Disclosed herein are computer systems for performing one or more steps of the methods disclosed herein. In some embodiments, the computer system comprises: (A) one or more processors; and (B) a memory storing computer code instructions stored therein, the computer code instructions when executed by the one or more processors cause the computer system to: (i) obtain sequence information for an epitope; (ii) compare, using the sequence information, an amino acid sequence of the epitope to a plurality of amino acid sequences of a plurality of human leukocyte antigen (HLA) ligands to determine the presence or absence of one or more HLA ligand matches (HLA-LMs); (iii) compare, responsive to determining the presence of one or more HLA-LMs, an affinity or a % rank of at least one HLA-LM to a corresponding affinity or a corresponding % rank of the epitope, wherein: (a) the absolute affinity of the HLA-LM represents a binding affinity of the HLA-LM to an HLA, (b) the % rank score of the HLA-LM represents an affinity of the HLA-LM to bind to an HLA relative to the absolute affinity of one or more peptides to bind to the HLA, (c) the absolute affinity of the epitope represents a predicted binding affinity of the epitope to an HLA, and (d) the % rank score of the epitope represents an affinity of the epitope to bind to an HLA relative to the absolute affinity of one or more peptides to bind to the HLA; (iv) characterize the epitope as a potentially non-immunogenic epitope (PNIE) responsive to determining that the absolute affinity or the % rank of the HLA-LM is within a range defined based on the absolute affinity or, respectively, the percentage rank score of the epitope; and (v) identify a location of expression of a protein from which the PNIE is derived; and (vi) characterize the PNIE as a non-immunogenic epitope (NIE) when the location of expression of the protein is not an immune-privileged site.

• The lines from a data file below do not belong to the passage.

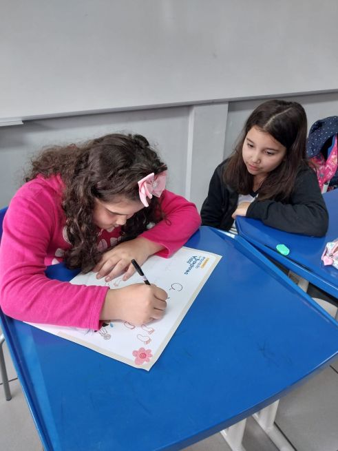 Além dos cartazes com mensagens reflexivas, as escolas também foram contempladas com versões personalizáveis. Esses cartazes, já emoldurados, possuem espaços em branco para que estudantes e a equipe escolar possam criar intervenções artísticas.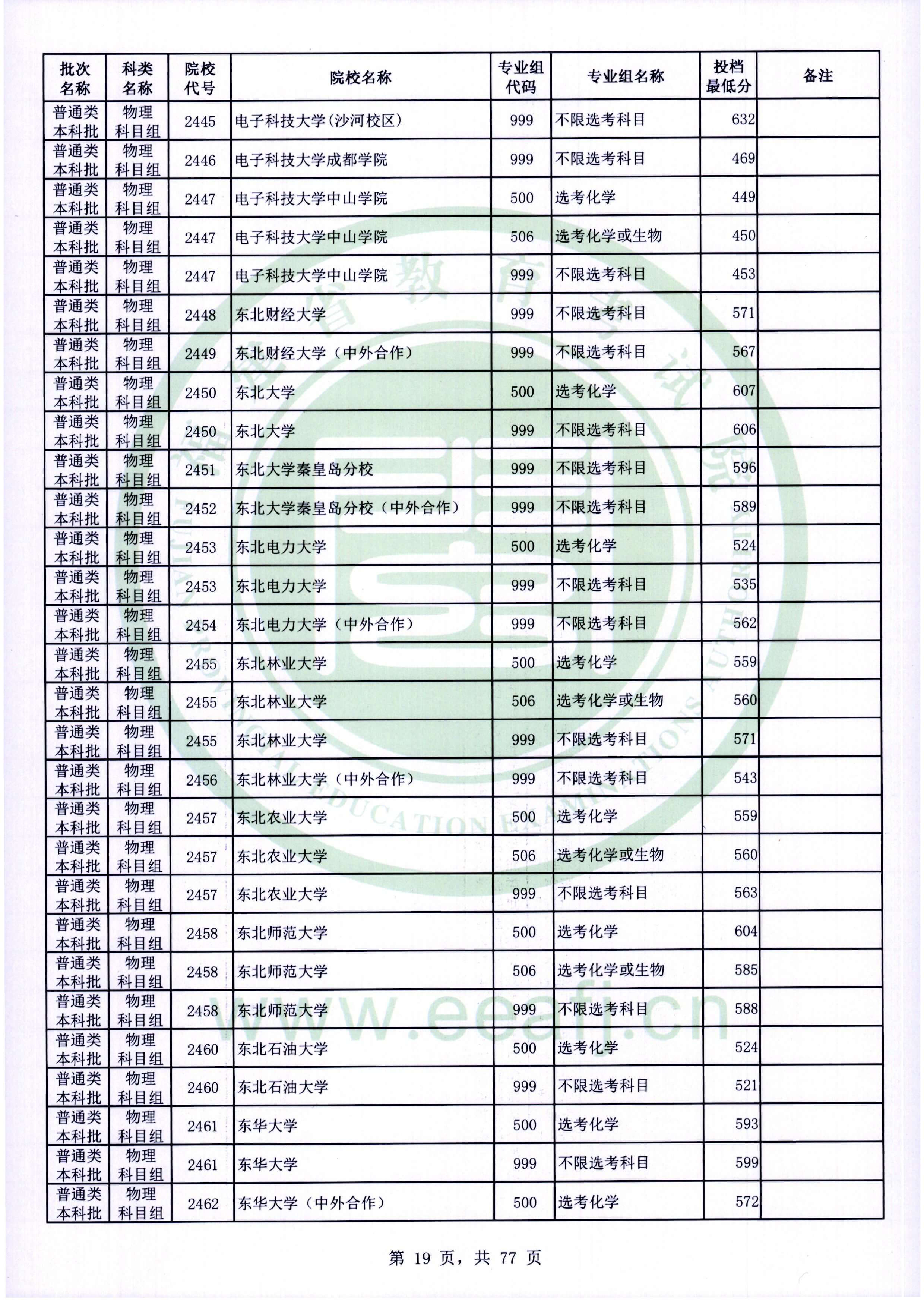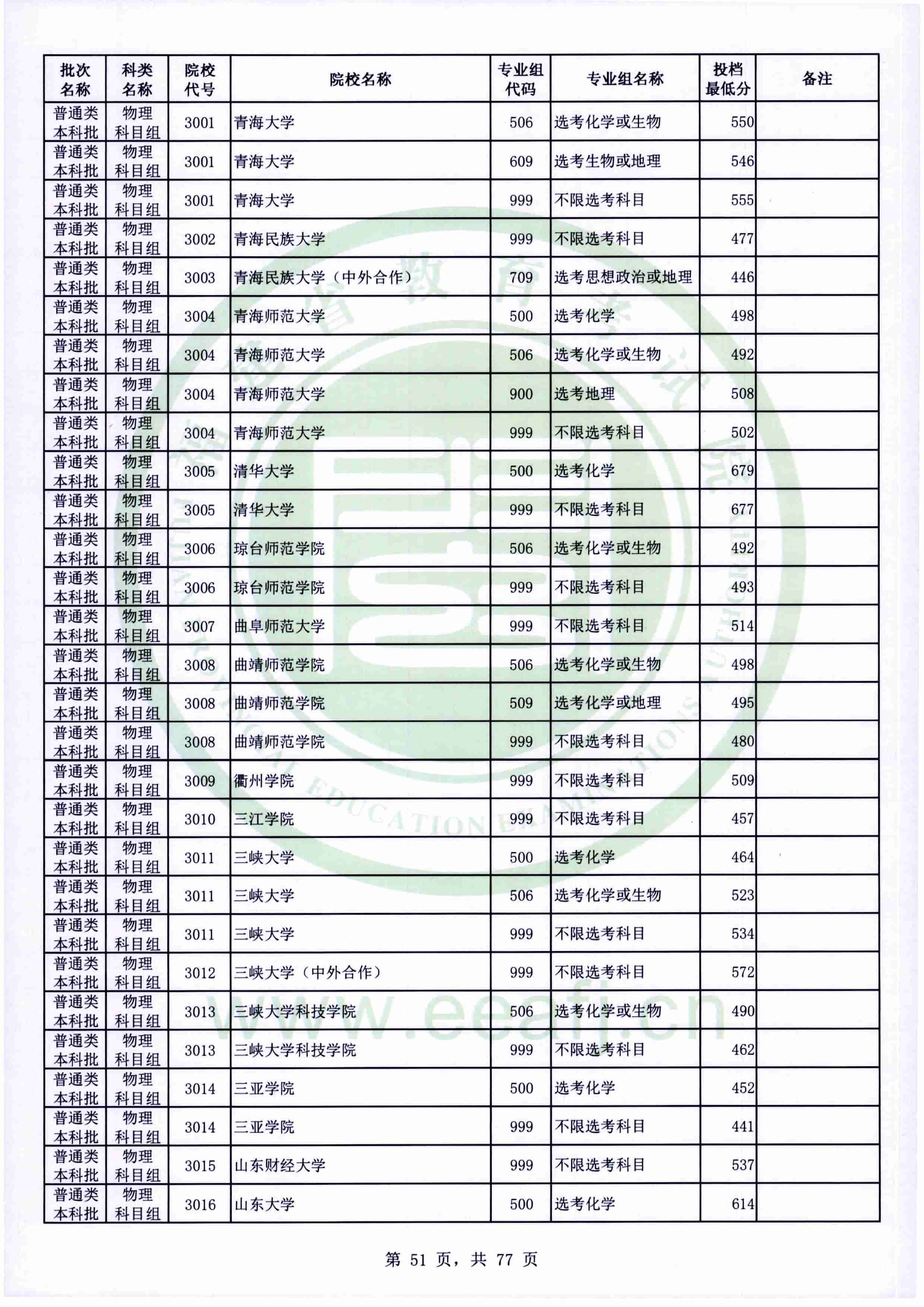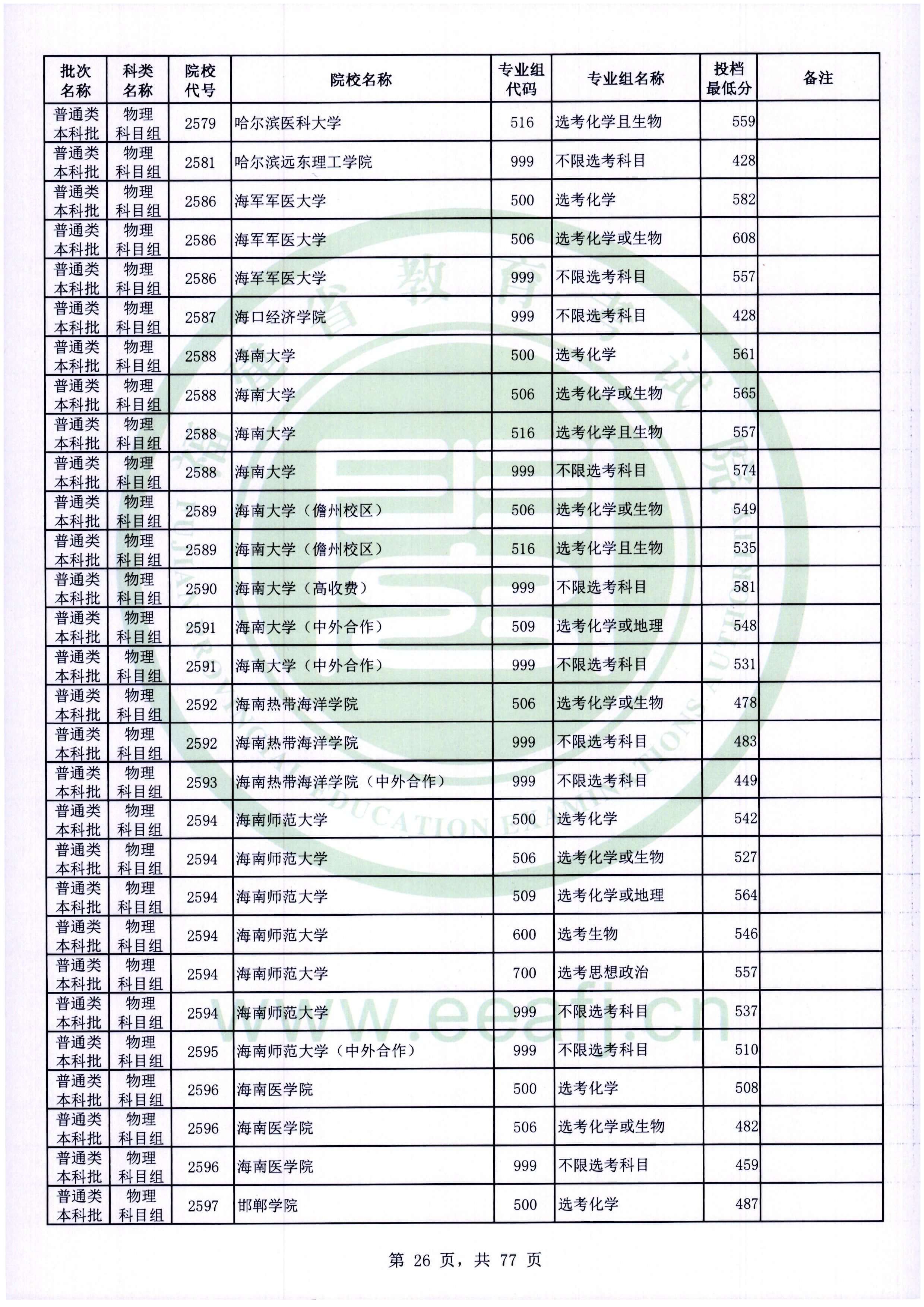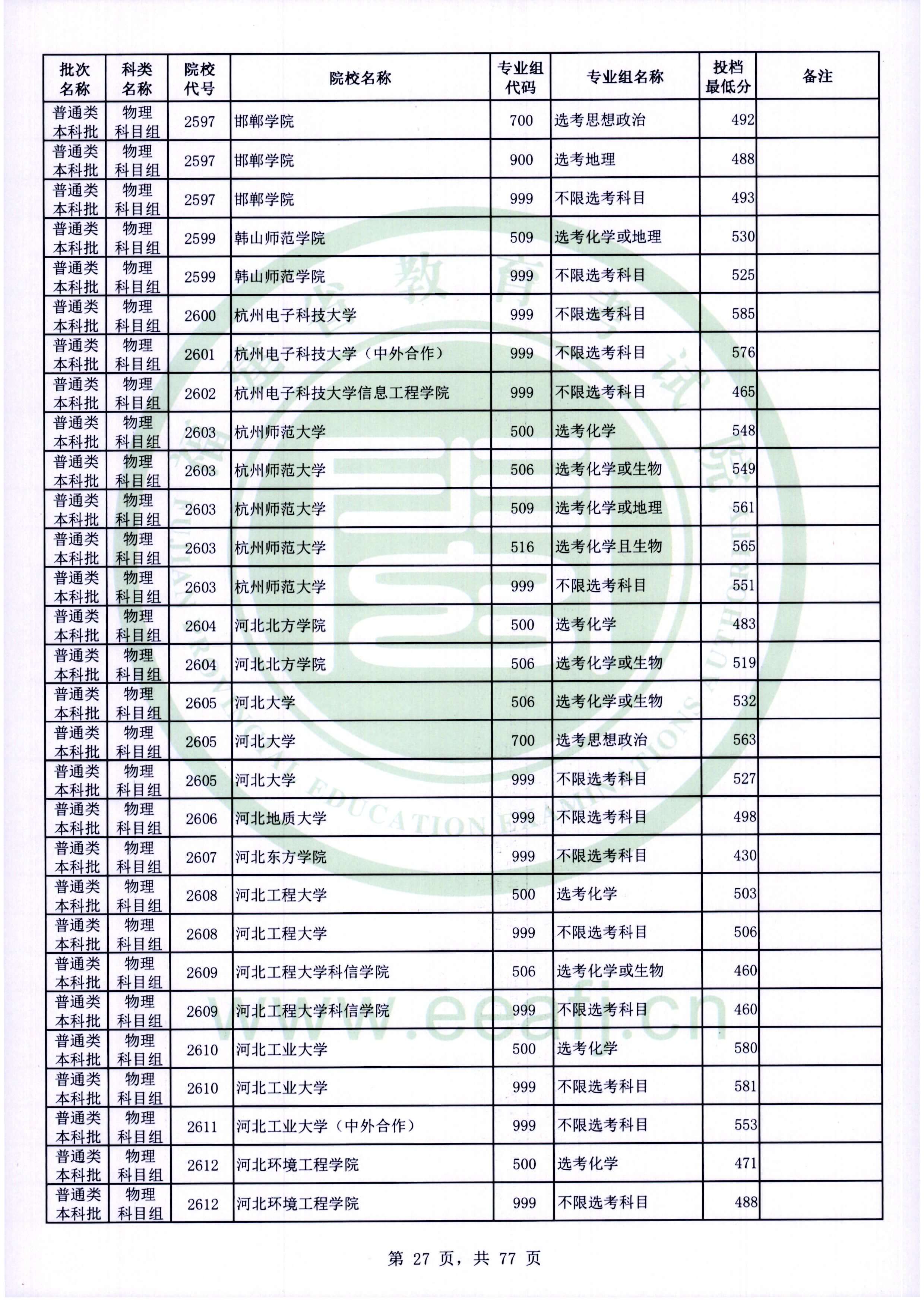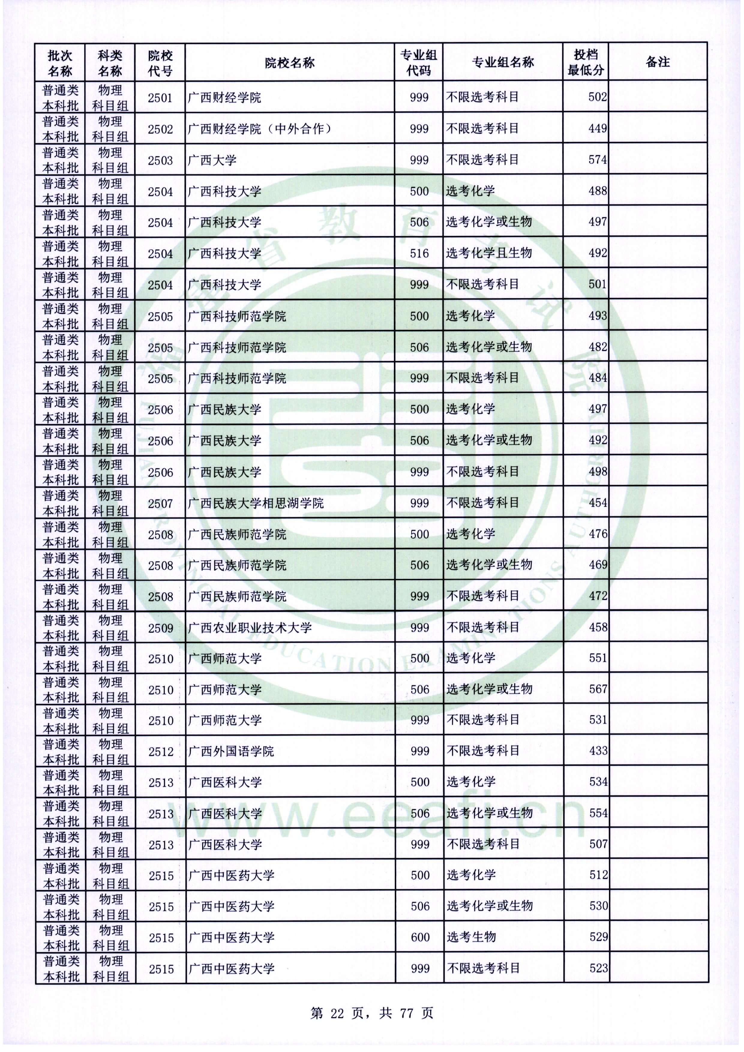 2022年普通类本科批常规志愿院校专业组投档最低分公布! 历史科目组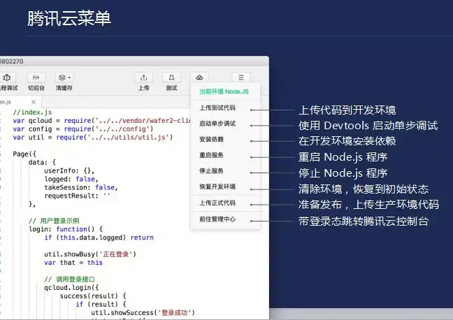 除了 IaaS 能力的解决方案 wafer ,腾讯云还提供了上传代码到开发环境、使用 Devtools 启动单步调试、在开发环境安装依赖、重启 /停止 Node.js 程序、恢复初始状态、上传生产环境代码、带登录态跳转腾讯云控制台等系列解决方案,本文不在此一一赘述,感兴趣的同学可以登录腾讯云官网进行尝试。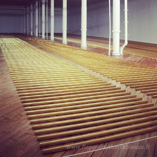 Nous vous proposons une reproduction artisanale sur toile du célèbre tableau 'Kilomètre cassé' de Walter De Maria, provenant du Musée de la Reproduction.

Disclosed herein are non-transitory computer readable media (NT-CRM) having computer code instructions to perform one or more steps of the methods disclosed herein. Disclosed herein is a non-transitory computer-readable medium having computer code instructions stored thereon, wherein the computer code instructions when executed by one or more processors cause the one or more processors to: (a) obtain sequence information for an epitope; (b) compare, using the sequence information, an amino acid sequence of the epitope to a plurality of amino acid sequences of a plurality of human leukocyte antigen (HLA) ligands to determine the presence or absence of one or more HLA ligand matches (HLA-LMs); (c) compare, responsive to determining the presence of one or more HLA-LMs, an affinity or a % rank of at least one HLA-LM to a corresponding affinity or a corresponding % rank of the epitope, wherein: (i) the absolute affinity of the HLA-LM represents a binding affinity of the HLA-LM to an HLA, (ii) the % rank score of the HLA-LM represents an affinity of the HLA-LM to bind to an HLA relative to the absolute affinity of one or more peptides to bind to the HLA, (iii) the absolute affinity of the epitope represents a predicted binding affinity of the epitope to an HLA, and (iv) the % rank score of the epitope represents an affinity of the epitope to bind to an HLA relative to the absolute affinity of one or more peptides to bind to the HLA; (d) characterize the epitope as a potentially non-immunogenic epitope (PNIE) responsive to determining that the absolute affinity or the % rank of the HLA-LM is within a range defined based on the absolute affinity or, respectively, the percentage rank score of the epitope; and (e) identify a location of expression of a protein from which the PNIE is derived; and (f) characterize the PNIE as a non-immunogenic epitope (NIE) when the location of expression of the protein is not an immune-privileged site.

Identifying a Human Leukocyte Antigen Ligand Match (HLA-LM)

The methods, systems, and/or computer readable media disclosed herein may comprise identifying a human leukocyte antigen ligand match (HLA-LM) of an epitope. Identifying an HLA-LM may comprise comparing the amino acid sequence of the epitope to the amino acid sequence of one or more HLA ligands. In some embodiments, identifying an HLA-LM comprises comparing the amino acid sequence of the epitope to the amino acid sequence of 1, 2, 3, 4, 5, 6, 7, 8, 9, 10, 11, 12, 13, 14, 15, 16, 17, 18, 19, 20, 25, 30, 35, 40, 45, 50, 55, 60, 65, 70, 75, 80, 85, 90, 95, or 100 or more HLA ligands. In some embodiments, identifying an HLA-LM comprises comparing the amino acid sequence of the epitope to the amino acid sequence of 10, 20, 30, 40, 50, 60, 70, 80, 90, 100, 110, 120, 130, 140, 150, 160, 170, 180, 190, 200, 250, 300, 350, 400, 450, 500, 550, 600, 650, 700, 750, 800, 850, 900, 950, or 1000 or more HLA ligands. In some embodiments, identifying an HLA-LM comprises comparing the amino acid sequence of the epitope to the amino acid sequence of at least 1, 2, 3, 4, 5, 6, 7, 8, 9, 10, 11, 12, 13, 14, 15, 16, 17, 18, 19, 20, 25, 30, 35, 40, 45, 50, 55, 60, 65, 70, 75, 80, 85, 90, 95, or 100 or more HLA ligands. In some embodiments, identifying an HLA-LM comprises comparing the amino acid sequence of the epitope to the amino acid sequence of at least 10, 20, 30, 40, 50, 60, 70, 80, 90, 100, 110, 120, 130, 140, 150, 160, 170, 180, 190, 200, 250, 300, 350, 400, 450, 500, 550, 600, 650, 700, 750, 800, 850, 900, 950, or 1000 or more HLA ligands.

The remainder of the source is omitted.